» WHAT YOU HAVE TO DO
Within the lines below, the span from the line with "한국의 여성 이사 비율은" to the line with "We developed this", both ends included, is to be reproduced exactly, with pictures omitted.

» EXERCISE MATERIAL
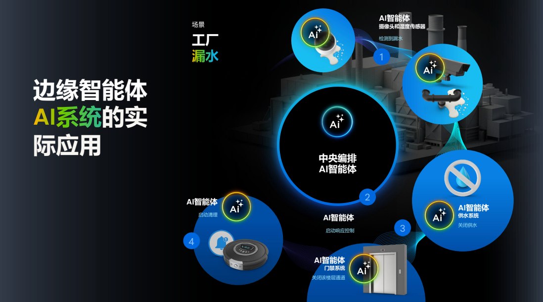 以工廠漏水場景為例:AI智能體通過攝像頭與濕度傳感器檢測異常,中央編排智能體隨即觸發(fā)關(guān)閉閥門、鎖定門禁、啟動(dòng)清理等一系列本地動(dòng)作,無需云端。
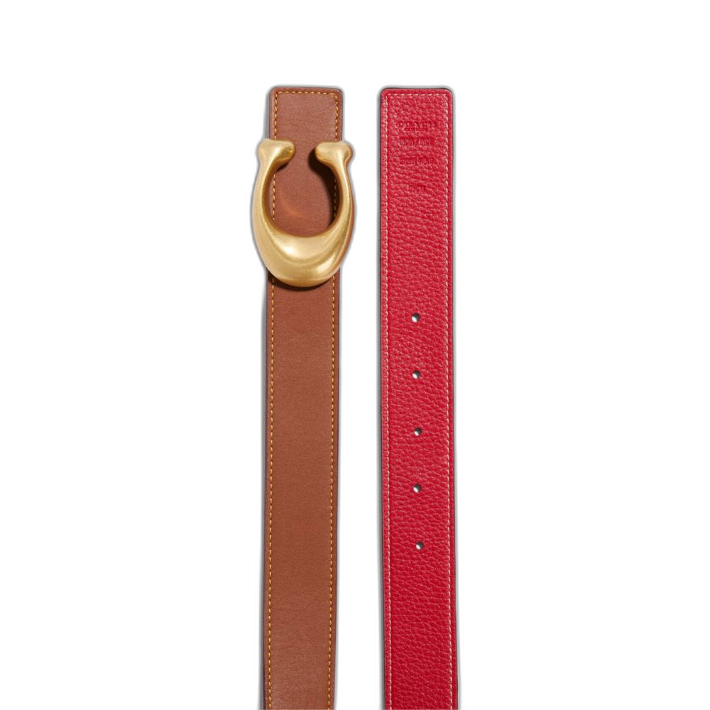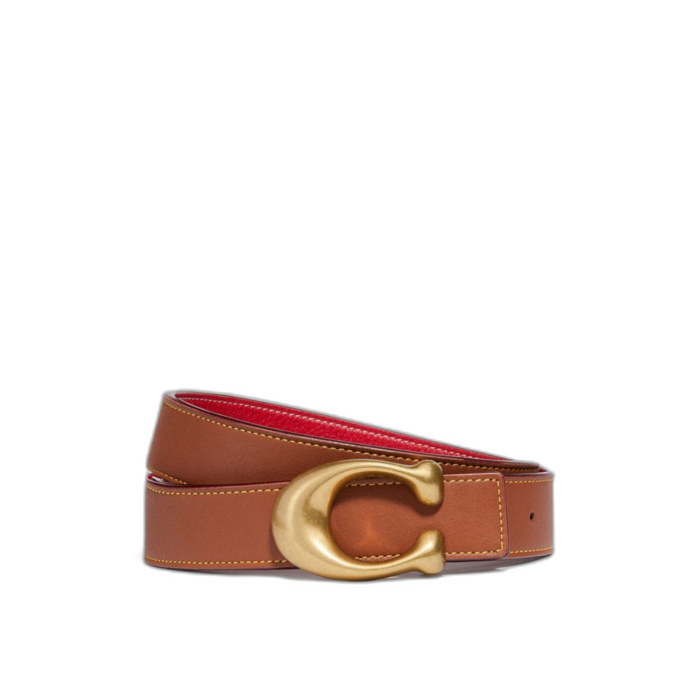 Coach Women's C Hardware Reversible Belt, 32 Mm Brass/Red/1941 Saddle
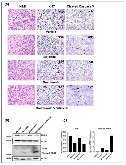 Post mortem investigations by a veterinary pathologist of animals in the survival analysis that died due to tumor burden (n = 1 per treatment group), revealed large tumors in the right hemisphere of the cerebrum in vehicle-treated animals and all treatment groups (Figure 4a; images on left of haematoxylin and eosin (H&E) staining). Ki67 positive cell counts were higher in the control animals compared with treated groups (Figure 4a); elevated levels of cleaved caspase-3 were detected in the seliciclib-treated tumor tissue and in tumors treated with the combination of seliciclib plus drozitumab (Figure 4a). These findings correlated with Western Blot analysis of the isolated tumor tissue, which showed reduced levels of Mcl-1, in both the seliciclib-only treated animals and the animals treated with seliciclib plus drozitumab (Figure 4b). However, tumors from the combination cohort displayed the highest levels of cleaved-PARP, indicating that both seliciclib and drozitumab are required to induce a substantial level of apoptotic death (Figure 4c), in agreement with what was seen in vitro (Figure 1).
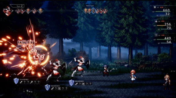 歧路旅人0在战斗的时候需要玩家手动进行,这是一款回合制游戏,玩家需要手动控制角色行动,点击攻击按钮后开始回合,然后通过技能、策略调整队伍位置,绝大部分的技能都是需要自行控制的,但也有一些技能是可以自动剩下的,比如治疗或者击破 触发的效果。
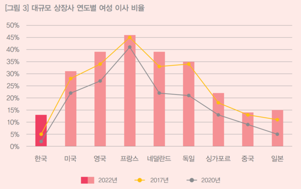 한국의 여성 이사 비율은 미국, 영국, 프랑스 등 다른 선진국들과 비교해보아도 현저히 낮았다. 자본시장법에는 이사회 전원이 특정 성별로만 구성되지 않아야 한다는 규정이 있으나, 이를 위반하고 여성 이사를 두지 않은 회사에 대해서 별도의 제재 규정은 없다.
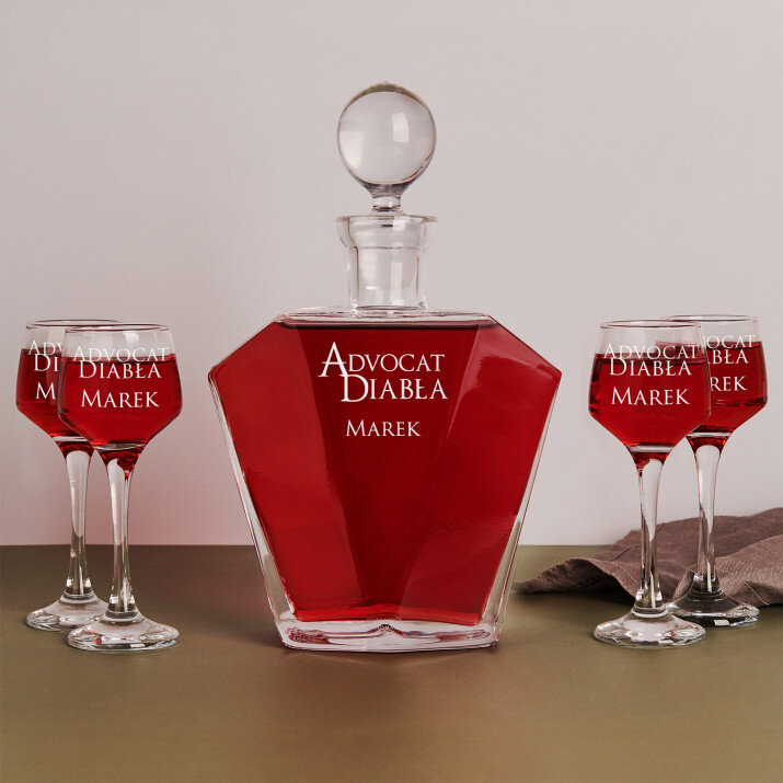 Chcesz podarować coś wyjątkowego osobie, której nalewki i likiery są wyśmienite i nie powstydziłby się ich sam diabeł? Zestaw karafka i kieliszki do nalewek będą doskonałym prezentem dla tego "advocata" diabła!WYKONANIE
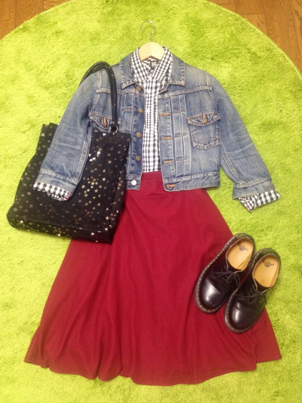 これは…いつだったかしら? 赤スカートはいいですね! コーデが明るくなるし( ^ω^ ) Gジャンだいすき! こういうショート丈アウター大好きです
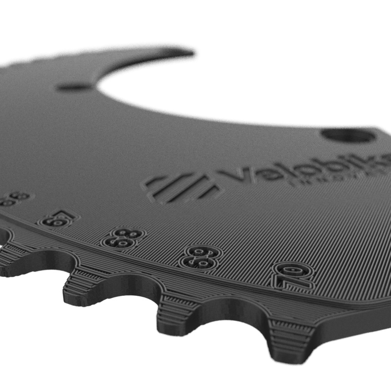 We developed this handy tool to do just that. Each tooth on the gauge represents a different size chainring from 49 to 70 teeth.
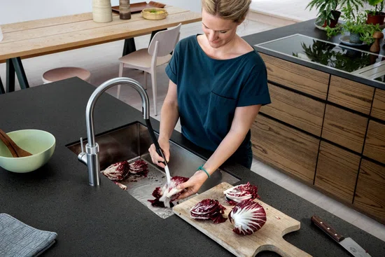 Losse kraan Flex, koud, warm en kokend-water-kraan met kindveilige (dubbel)druk-draai bedieningsknop en uittrekbare perlator, Roestvrijstaal.
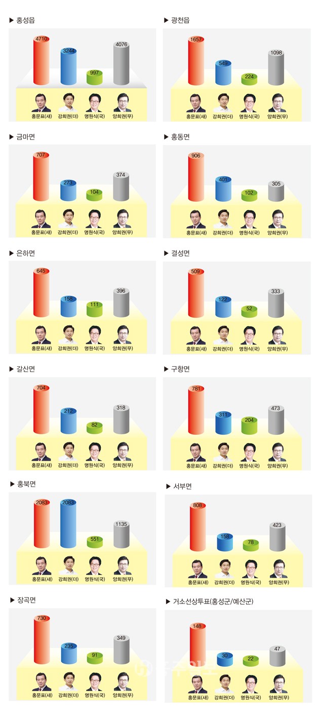 4·13총선 홍성군 읍면별 후보자 득표 현황
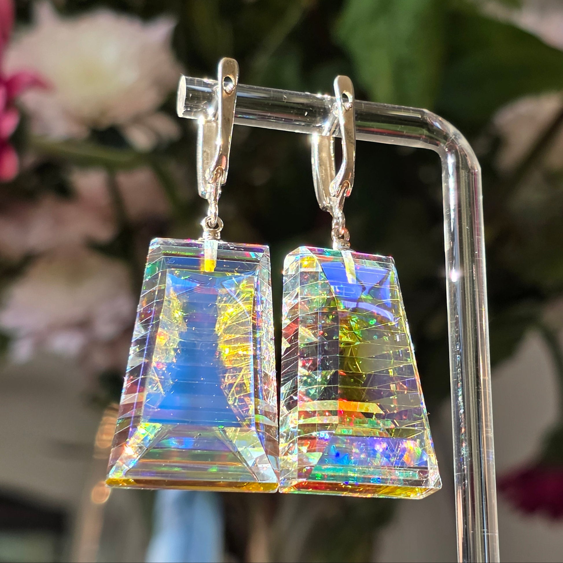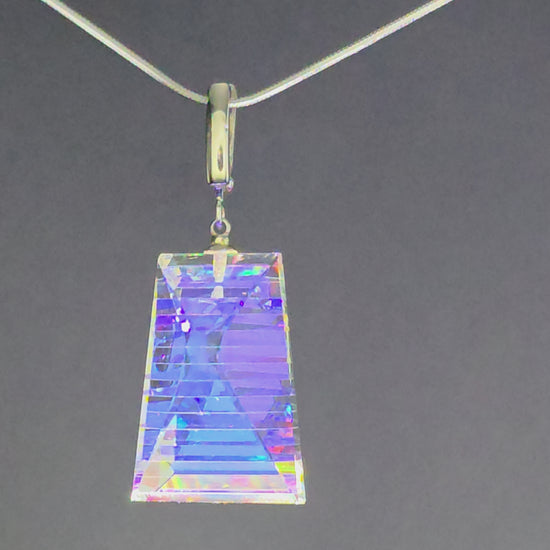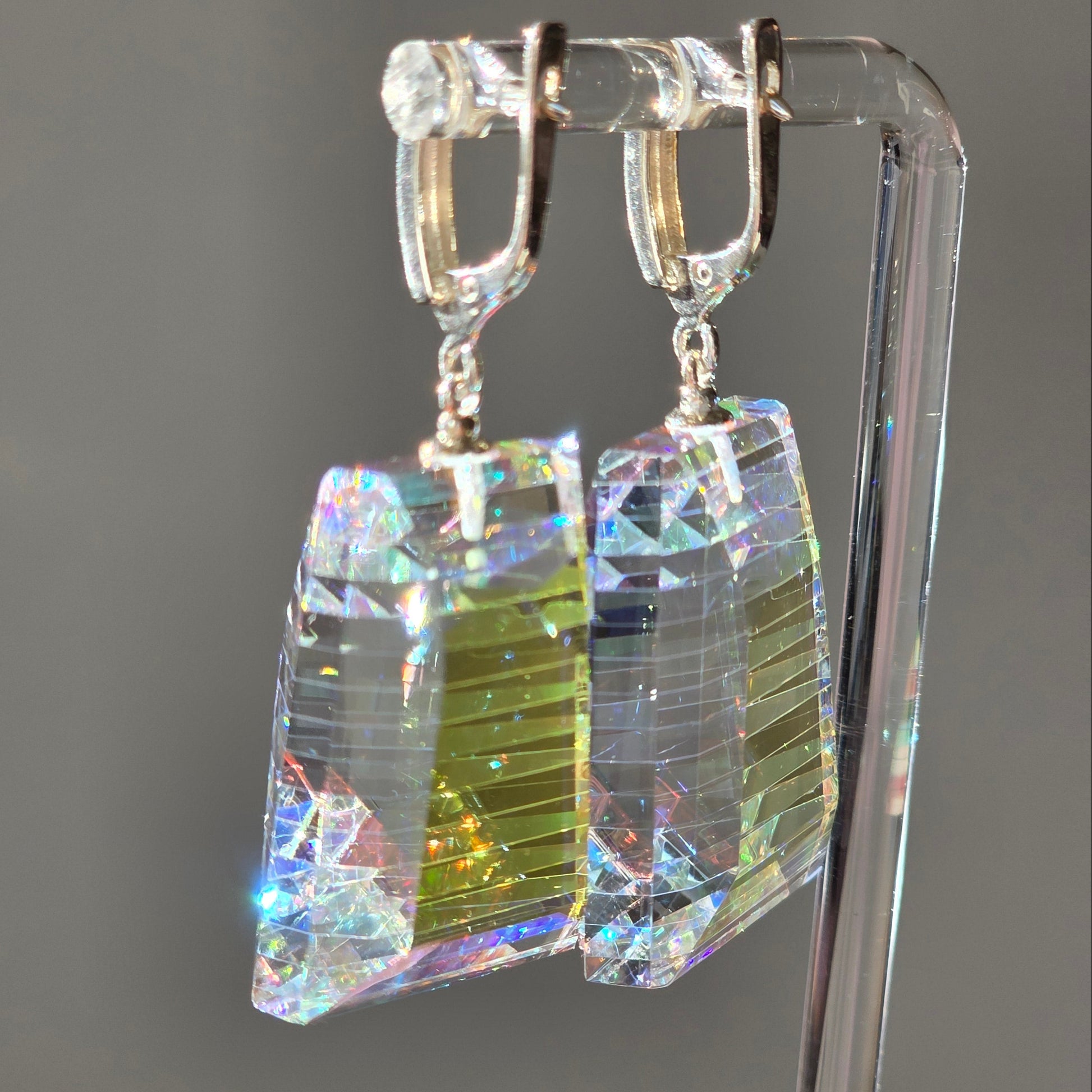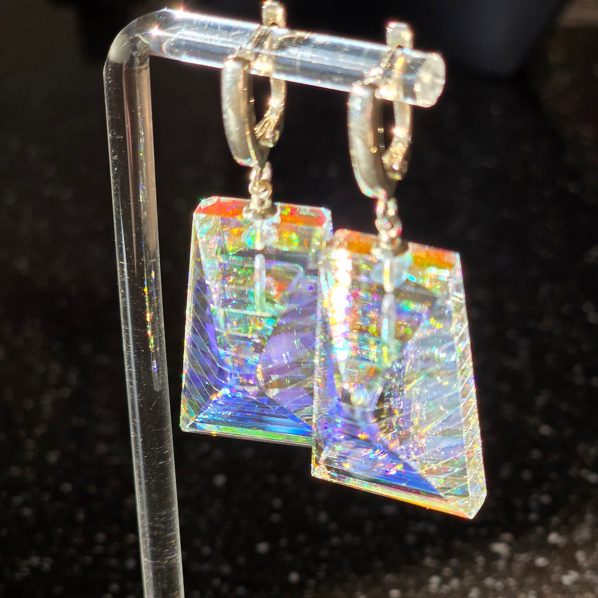 Moran is a radiant expression of light captured within structure. Handcrafted from dichroic and optical glass, these earrings reveal layered iridescence—soft blues, gold flashes, and prismatic reflections suspended within crystalline clarity. Their tapered architectural silhouette creates depth from every angle, transforming movement into a display of shifting brilliance.

» COMPLETED EXERCISE
 한국의 여성 이사 비율은 미국, 영국, 프랑스 등 다른 선진국들과 비교해보아도 현저히 낮았다. 자본시장법에는 이사회 전원이 특정 성별로만 구성되지 않아야 한다는 규정이 있으나, 이를 위반하고 여성 이사를 두지 않은 회사에 대해서 별도의 제재 규정은 없다.
 Chcesz podarować coś wyjątkowego osobie, której nalewki i likiery są wyśmienite i nie powstydziłby się ich sam diabeł? Zestaw karafka i kieliszki do nalewek będą doskonałym prezentem dla tego "advocata" diabła!WYKONANIE
 これは…いつだったかしら? 赤スカートはいいですね! コーデが明るくなるし( ^ω^ ) Gジャンだいすき! こういうショート丈アウター大好きです
 We developed this handy tool to do just that. Each tooth on the gauge represents a different size chainring from 49 to 70 teeth.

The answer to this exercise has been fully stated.